I am a Bahamian whose paternal ancestors canoed from Cuba, where they had been slaves, to the islands of The Bahamas, where they became free men. It would be generations later when in 1905 Cuba liberated its slaves. Freedom is important to the descendants of slaves who have never been compensated for the degradation of slavery.
Our constitution pays tribute to our ancestors upon whose shoulders are hoisted our country, its constitution and our very sovereignty. Yet, Article 29 of that constitution stands as an anomaly to the freed men, be they slave or indentured servant — the former black, the latter white.
The shared bonds of the shackles broken for so long appear to have been reforged under the guise of public health. The Bill of Rights save Article 19(2) suspended, and dictatorship fashioned under the competent authority — one man in all his fallibility, the prime minister, established.
The inconceivable has become our new enslavement; some say our new norm. It causes me great discomfort and anxiety. Indeed, our societal acceptance and malleability is the most disquieting feature of this new Bahamas.
One would expect our institutions to resist, oppose and deter the incursion of rights earned by the blood, sweat and tears of both enslaved and ensnared indentured servants. Yet, that expectation has been muted by the courts and its officers, counsel and attorneys at law.
The courts of The Bahamas are independent of the executive and legislative bodies of the government of The Bahamas. This independence is unaffected by Article 29 and its horrific consequences.
Members of the bar and their employees play a vital role in preserving that independence. Access to justice supersedes the Bill of Rights and is grounded in Article 1 of the constitution: “The Bahamas shall be a sovereign democratic state.”
“Democratic” imports the right of citizens to participate in all facets of governance of which justice is vitally important. The independence and functionality of the courts are the central core of a mosaic of rights and obligations that aggregate into the rule of law — the cornerstone of our democracy. Article 1 is independent of Article 29.
Article 1 founds the absence of court staff from persons designated as emergency workers. Likewise attorneys and their assistants.
The state of emergency legislation was deliberately silent in any reference to the courts and its undergirding substructure. It is legally expected that the courts would continue to function unabated and unaffected in its competence to deliver the rule of law to an expectant citizenry.
What, then, is the basis of the purported restrictions on the legal profession or on witnesses or the public desirous of being the public in public hearings?
What is the basis of the delays in criminal trials? At the core of Article 1 of the constitution is the existence of the Rule of Law!
Its most graphic public manifestation is public criminal trials and hearings throughout every tier of the court system. Yet, no new trials can be started in the magistrates court.
Has there been any consideration of non jury trials in the Supreme Court now that Article 20 is suspended?

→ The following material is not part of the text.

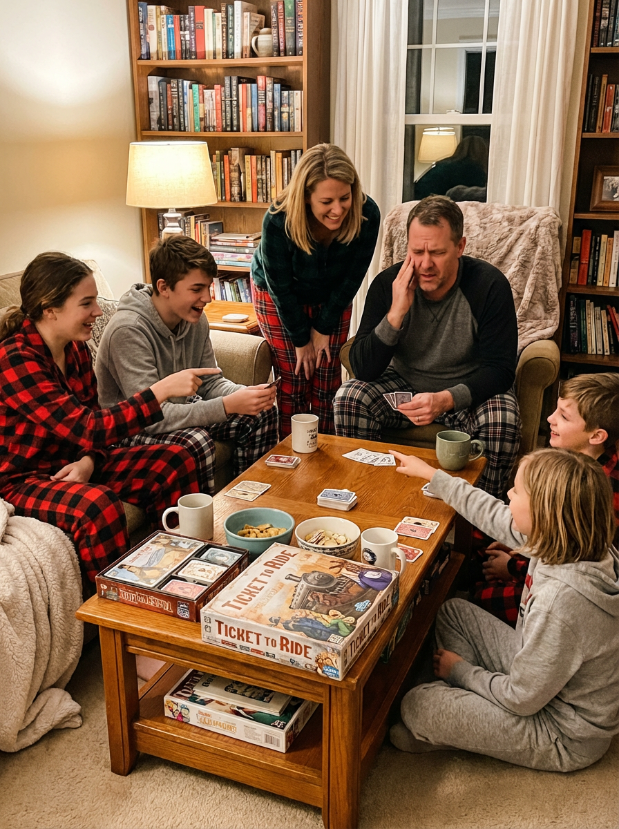 family portrait during game night at home, everyone wearing cozy pajamas or casual clothes, board games or cards on table, living room setting, competitive but loving family fun

It means that the presiding judge has to give a reasoned decision on both convictions and acquittals – not necessarily a bad thing if one accepts the logic of Sir Burton Hall in his arguments against jury trials.
The opportunity to explore different facets of the right to a fair trial are seemingly not being embraced.
The Bill of Rights are stand-alone rights independent in their existence from preexisting common law rights.
The source of the respective rights may be significant; but in the main, the Common Law source founds the existence of basic human rights.
Those rights exist independent of the suspension of the Bill of Rights sans Article 19(2).
It is important that the rights of citizens at common law be averted to by authorities, and ALL THE MORESO by the competent authority when wielding the dictatorship power arrogated to him through Article 29 of the constitution.
Too often, we, the descendants of the sacrificed, are called to further sacrifices, the necessity for which might have been averted by careful focused thought required by governance.
There is no proper explanation for the lack of hospital beds or quarantine stations to ensure suspected COVID-19 victims are confined under supervision to ensure containment of the disease.
The fear of requisitioning hotel resorts has paralyzed the mentality of the competent authority and he picks on the poor and disenfranchised as an easy way out.
In doing so, he has panicked our community into runs on the grocery stores.
The stampedes have created congregations for the perfect scenario for a spike in the already accelerated increase in COVID-19 infections, the increase itself the result of myopic, thoughtless opening of the borders.
We, the descendants of slaves and indentured servants, are forced, coerced and confined as the easy way out of a government erroneous decision.
At the heart of our pandemic affliction is that our rights as citizens are ignored.
There is no advertence to the importance of these rights nor the observance of them.
Maybe, the acknowledgment of our importance is the beginning of a dialogue which encourages compliance with decisions of the dictator and competent authority.
Maybe the inclusion of the large economic stakeholders in the sacrifices we are all coerced into making, might persuade us of the absence of malice in the dictator competent authority.
In the center of our struggles, the institution of the law needs a call to arms in the defence of the rights of Bahamians.